### MATERIAL SHOWN

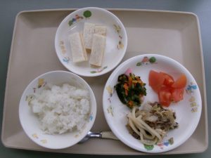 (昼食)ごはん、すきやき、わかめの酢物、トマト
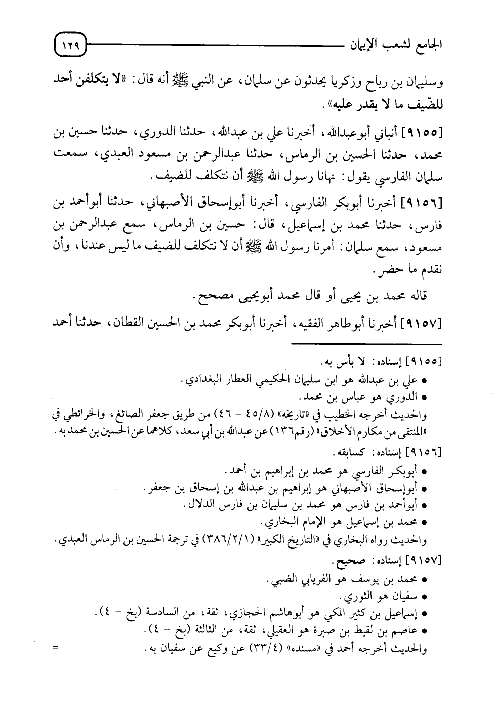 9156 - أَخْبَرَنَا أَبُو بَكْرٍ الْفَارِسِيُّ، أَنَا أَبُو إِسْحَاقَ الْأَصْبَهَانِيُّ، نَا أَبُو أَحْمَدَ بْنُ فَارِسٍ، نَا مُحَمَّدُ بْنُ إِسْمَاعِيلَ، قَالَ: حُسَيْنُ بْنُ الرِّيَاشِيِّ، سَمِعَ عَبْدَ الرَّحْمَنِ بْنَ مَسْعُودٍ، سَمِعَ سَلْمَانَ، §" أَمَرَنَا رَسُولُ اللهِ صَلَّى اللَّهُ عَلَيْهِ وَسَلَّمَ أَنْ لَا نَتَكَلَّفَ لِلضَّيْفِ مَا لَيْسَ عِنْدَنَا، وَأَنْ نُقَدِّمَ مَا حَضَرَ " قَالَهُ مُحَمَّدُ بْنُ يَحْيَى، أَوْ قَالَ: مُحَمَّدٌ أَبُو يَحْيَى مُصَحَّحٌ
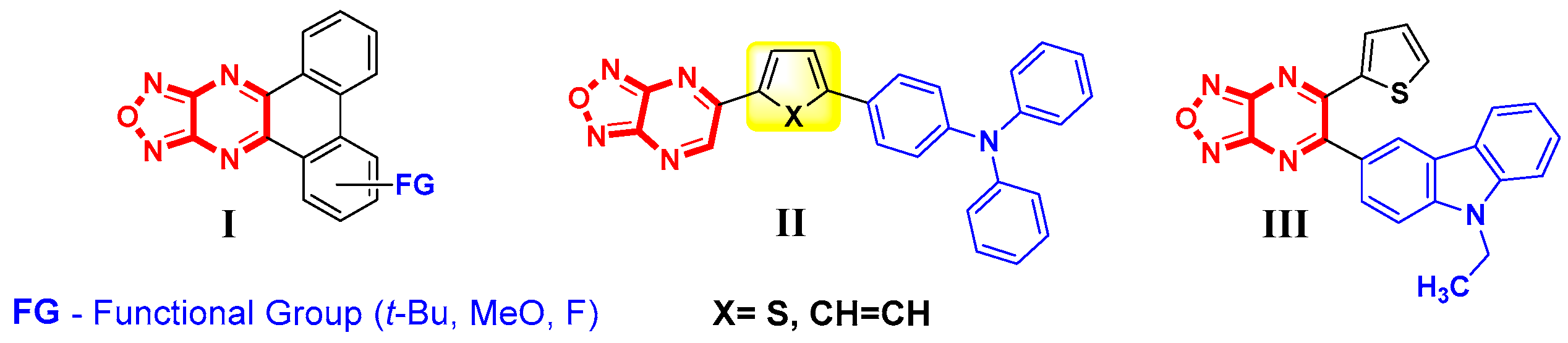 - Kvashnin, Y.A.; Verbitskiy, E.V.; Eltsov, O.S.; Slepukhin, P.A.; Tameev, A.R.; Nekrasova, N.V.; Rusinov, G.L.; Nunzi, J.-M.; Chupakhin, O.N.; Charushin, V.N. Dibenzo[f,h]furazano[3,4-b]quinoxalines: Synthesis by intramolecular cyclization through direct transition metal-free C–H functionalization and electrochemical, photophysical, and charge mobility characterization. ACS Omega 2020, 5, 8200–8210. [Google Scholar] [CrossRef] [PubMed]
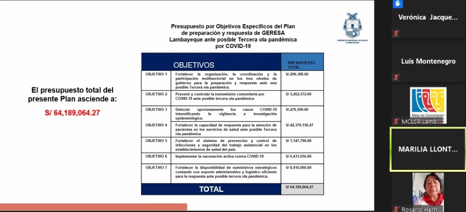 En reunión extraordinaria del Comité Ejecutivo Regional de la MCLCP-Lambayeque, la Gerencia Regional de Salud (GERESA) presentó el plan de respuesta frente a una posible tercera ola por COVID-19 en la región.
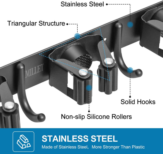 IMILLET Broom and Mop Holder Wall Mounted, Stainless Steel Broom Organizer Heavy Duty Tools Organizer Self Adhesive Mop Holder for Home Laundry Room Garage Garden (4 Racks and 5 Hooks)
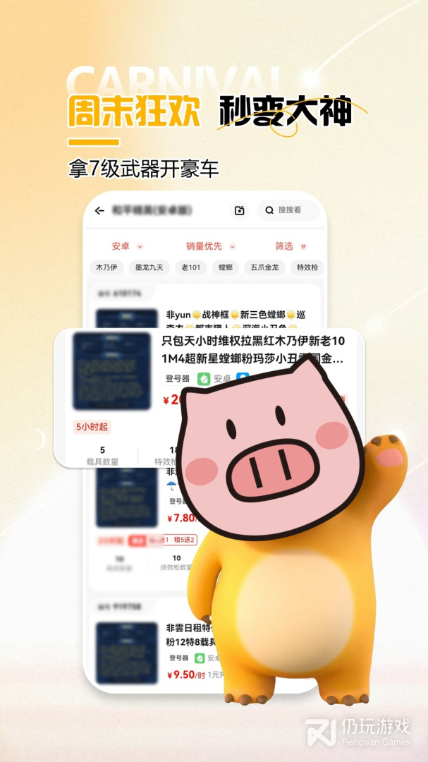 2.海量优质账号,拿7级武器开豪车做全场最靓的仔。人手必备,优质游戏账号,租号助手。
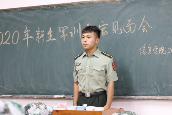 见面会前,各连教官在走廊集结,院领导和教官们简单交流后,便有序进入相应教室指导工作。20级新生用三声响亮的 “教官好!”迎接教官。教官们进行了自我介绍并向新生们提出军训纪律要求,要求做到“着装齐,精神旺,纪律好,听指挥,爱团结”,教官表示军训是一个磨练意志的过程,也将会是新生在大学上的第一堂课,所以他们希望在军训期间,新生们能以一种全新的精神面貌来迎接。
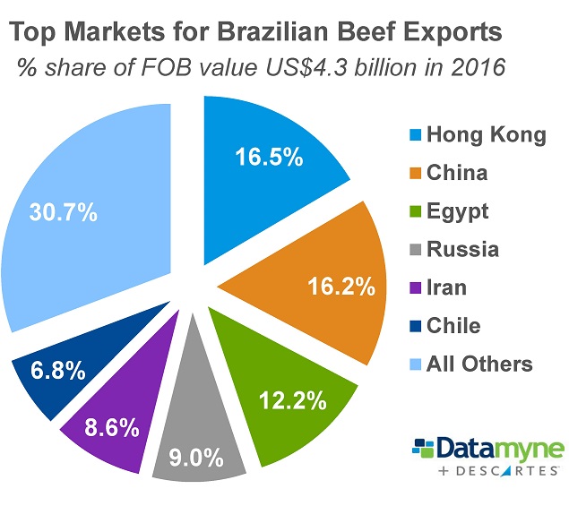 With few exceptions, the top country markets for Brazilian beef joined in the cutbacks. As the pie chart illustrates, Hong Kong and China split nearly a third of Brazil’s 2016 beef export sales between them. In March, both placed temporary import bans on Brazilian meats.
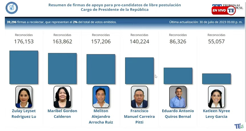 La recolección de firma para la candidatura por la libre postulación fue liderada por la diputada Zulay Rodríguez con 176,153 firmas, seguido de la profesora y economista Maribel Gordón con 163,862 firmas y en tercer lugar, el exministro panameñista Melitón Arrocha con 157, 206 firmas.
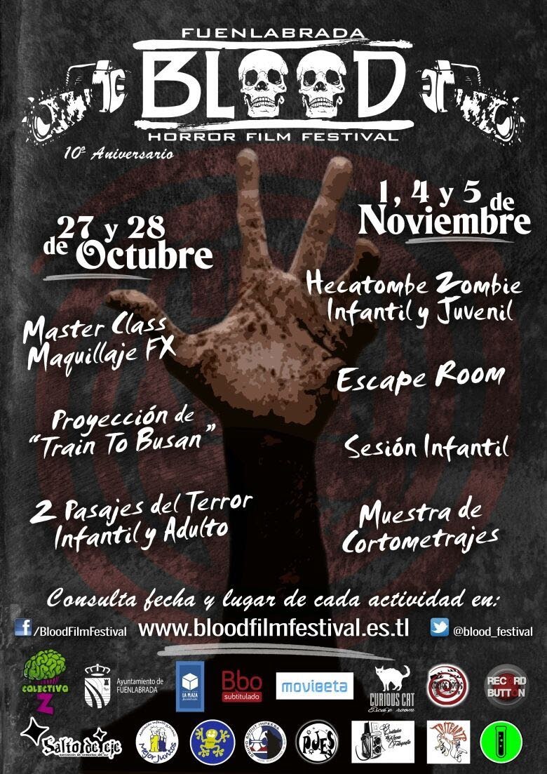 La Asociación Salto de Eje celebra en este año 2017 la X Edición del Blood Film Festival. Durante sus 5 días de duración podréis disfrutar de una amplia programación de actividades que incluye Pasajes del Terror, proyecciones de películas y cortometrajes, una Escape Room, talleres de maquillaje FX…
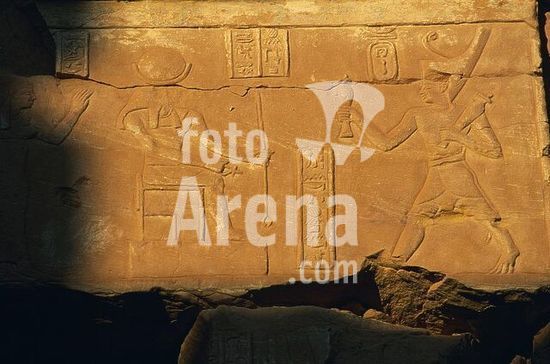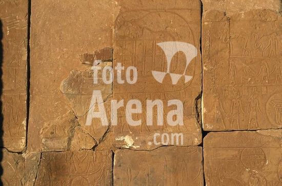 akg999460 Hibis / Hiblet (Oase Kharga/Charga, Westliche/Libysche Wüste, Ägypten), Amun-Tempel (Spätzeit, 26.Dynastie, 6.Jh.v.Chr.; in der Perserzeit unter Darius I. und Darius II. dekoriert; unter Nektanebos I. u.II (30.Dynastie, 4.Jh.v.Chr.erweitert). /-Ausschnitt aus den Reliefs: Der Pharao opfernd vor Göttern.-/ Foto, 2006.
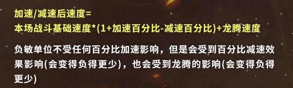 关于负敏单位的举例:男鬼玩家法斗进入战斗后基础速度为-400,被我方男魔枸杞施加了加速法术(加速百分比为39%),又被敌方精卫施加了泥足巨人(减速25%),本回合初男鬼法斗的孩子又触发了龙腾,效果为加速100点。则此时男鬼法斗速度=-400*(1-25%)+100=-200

### EXERCISE AIM
Please reproduce, word for word, every line from the first line of the records above through the line containing "9156 - أَخْبَرَنَا", and leave out the pictures.

### EXERCISE SOLUTION
 (昼食)ごはん、すきやき、わかめの酢物、トマト
 9156 - أَخْبَرَنَا أَبُو بَكْرٍ الْفَارِسِيُّ، أَنَا أَبُو إِسْحَاقَ الْأَصْبَهَانِيُّ، نَا أَبُو أَحْمَدَ بْنُ فَارِسٍ، نَا مُحَمَّدُ بْنُ إِسْمَاعِيلَ، قَالَ: حُسَيْنُ بْنُ الرِّيَاشِيِّ، سَمِعَ عَبْدَ الرَّحْمَنِ بْنَ مَسْعُودٍ، سَمِعَ سَلْمَانَ، §" أَمَرَنَا رَسُولُ اللهِ صَلَّى اللَّهُ عَلَيْهِ وَسَلَّمَ أَنْ لَا نَتَكَلَّفَ لِلضَّيْفِ مَا لَيْسَ عِنْدَنَا، وَأَنْ نُقَدِّمَ مَا حَضَرَ " قَالَهُ مُحَمَّدُ بْنُ يَحْيَى، أَوْ قَالَ: مُحَمَّدٌ أَبُو يَحْيَى مُصَحَّحٌ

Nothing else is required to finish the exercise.